Today, 31 October 2011, is World Savings Day. The World Savings Banks Institute (WSBI) has an interesting website on the day, setting out its history (it was started in 1924 as World Thrift Day), and outlining past events associated with the day. I learned about this from a LinkedIn post, announcing a new technical guide published by CGAP, entitled “Advancing Savings Services: Resource Guide for Funders“. The CGAP post introducing the report is worth reading. It notes the credit bias in our assessment of finance systems, and argues for savings mobilisation to sit at the heart of any financial access strategy. From the post,
“… supporting savings mobilization requires special care because the hard-earned and scarce resources of poor people are at risk if something goes wrong. Financial institutions can fail, and high inflation can erode savings.
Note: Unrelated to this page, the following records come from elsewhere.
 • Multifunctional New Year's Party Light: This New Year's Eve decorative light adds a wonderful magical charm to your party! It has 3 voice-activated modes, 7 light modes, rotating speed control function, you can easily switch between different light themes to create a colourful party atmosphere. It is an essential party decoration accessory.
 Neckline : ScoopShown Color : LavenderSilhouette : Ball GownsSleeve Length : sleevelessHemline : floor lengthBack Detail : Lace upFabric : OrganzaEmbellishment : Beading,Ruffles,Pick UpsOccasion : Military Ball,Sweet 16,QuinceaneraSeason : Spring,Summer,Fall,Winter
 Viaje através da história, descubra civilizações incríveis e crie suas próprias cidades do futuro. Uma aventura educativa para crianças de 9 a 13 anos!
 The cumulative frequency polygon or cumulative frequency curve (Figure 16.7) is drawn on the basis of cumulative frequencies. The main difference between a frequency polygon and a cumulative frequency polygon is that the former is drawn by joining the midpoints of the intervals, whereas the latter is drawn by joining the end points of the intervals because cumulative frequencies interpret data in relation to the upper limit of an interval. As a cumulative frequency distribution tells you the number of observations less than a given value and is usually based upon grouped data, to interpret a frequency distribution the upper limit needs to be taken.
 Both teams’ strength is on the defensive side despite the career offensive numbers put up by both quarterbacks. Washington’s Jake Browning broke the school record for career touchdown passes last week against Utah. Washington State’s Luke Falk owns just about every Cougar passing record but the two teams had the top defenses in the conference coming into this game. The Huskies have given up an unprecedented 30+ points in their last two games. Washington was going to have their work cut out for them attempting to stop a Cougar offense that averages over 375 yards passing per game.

Appropriate governance for deposit-taking institutions, sound prudential regulation, and effective supervision are all important safeguards. But they are not always in place. Taken together, these factors have all served as hurdles to helping the poor get access to savings services, and so it will take a concerted effort to get past these barriers.”
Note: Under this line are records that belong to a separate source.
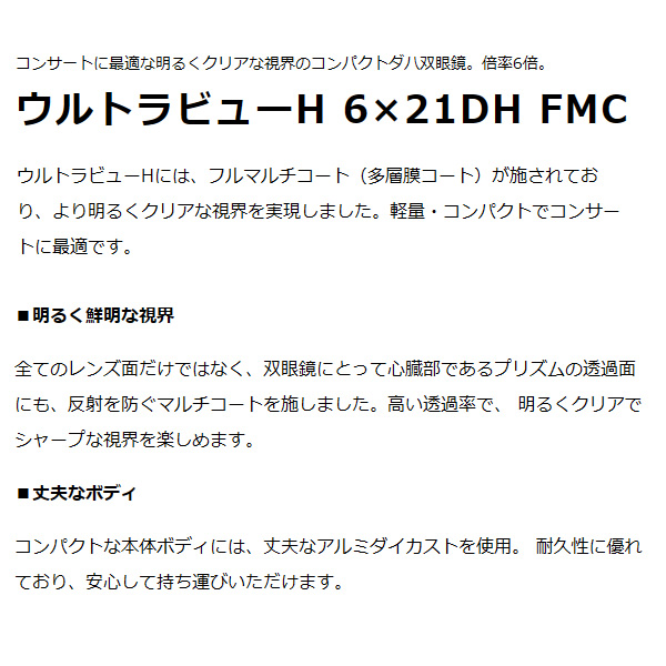 コンサートに最適な明るくクリアな視界のコンパクトダハ双眼鏡。倍率6倍。 ウルトラビューH 6×21DH FMC ■倍率:6倍 ■対物レンズ有効径:21mm ■コーティング:フルマルチコーティング ■実視界:8.5° ■1000m先の視野:148.6m ■ひとみ径:3.5mm ■明るさ:12.3 ■アイレリーフ:13.2mm ■最短合焦距離:3m ■目幅調整範囲:57〜72 ■サイズ(W×H×D):110×91×37mm ■重量:200g ■付属品:専用ポーチ、ストラップ、レンズクロス ※記載は商品仕様の一部です。仕様説明不足等の理由での返品はできません。特に適合等は必ずご確認ください。
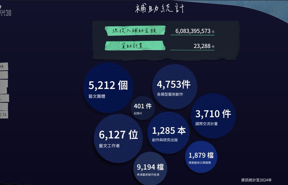 國藝會董事長林淇瀁指出,國藝會三十年來的成果,得益於同仁與藝術夥伴的共同投入,以及為使營運永續而積極投入的財務規劃。他以具體的數字闡述了國藝會的穩健基礎:截至今年九月,國藝會投入的補助金額已累積超過 64億8百萬元,而基金總額亦來到 70.8億元。基金規模的充實成效,已直接反映在每年補助總額的提升上,為臺灣藝文界提供了更為堅實的後盾。
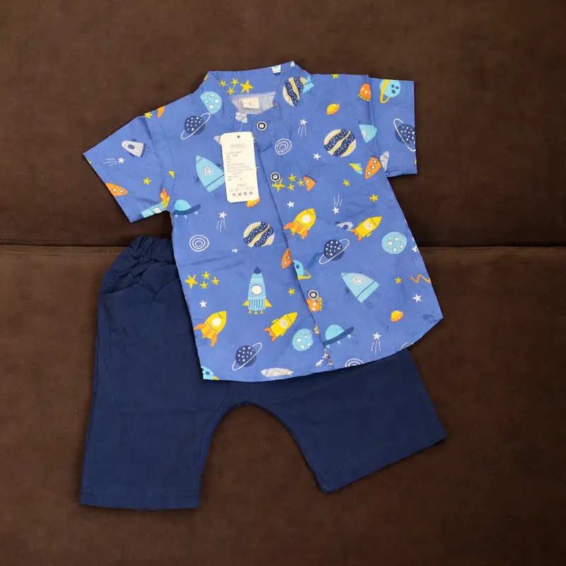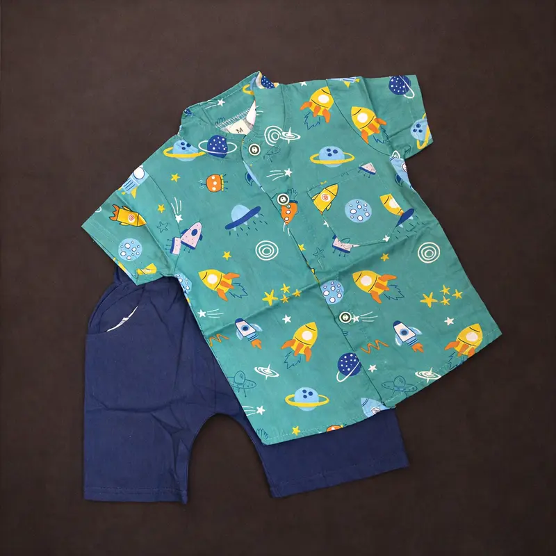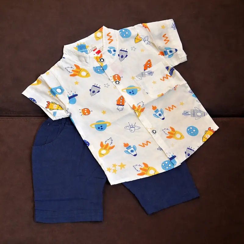 This outfit is specially designed for comfort, style, and everyday wear. The breathable cotton fabric keeps your baby cool during hot weather, while the lightweight half shorts allow easy movement for active kids. The trendy patterned shirt adds a stylish touch, making it suitable for family gatherings, playtime, outings, and casual occasions.

It is often because of these risks that some low income people choose to invest their savings in more fixed assets – their home being a very real target. On this website we have a focus note on housing and finances of the poor, from the Financial Diaries initiative, led in South Africa by Darryl Collins. The note shows how households built up their housing through borrowing and saving, and by saving building materials in-kind and building their homes incrementally. The point is also raised in a FinMark Trust report which shows how investment in housing becomes a form of long term savings towards retirement (you can find the report, entitled “Evaluation of retirement systems of countries within Southern African Development Community (SADC)” on this website). Indeed, housing is often the most significant investment a household will ever make. That incremental (especially non-mortgage) housing investment is not noted as part of national savings rate statistics is problematic, especially in the African context where the home is often the vessel in which savings are held, whether in bricks, or in cash under the mattress. Strategies to support the growth of savings should explicitly note the role of housing in a household’s long term savings strategy. This is something we should explore further in the future.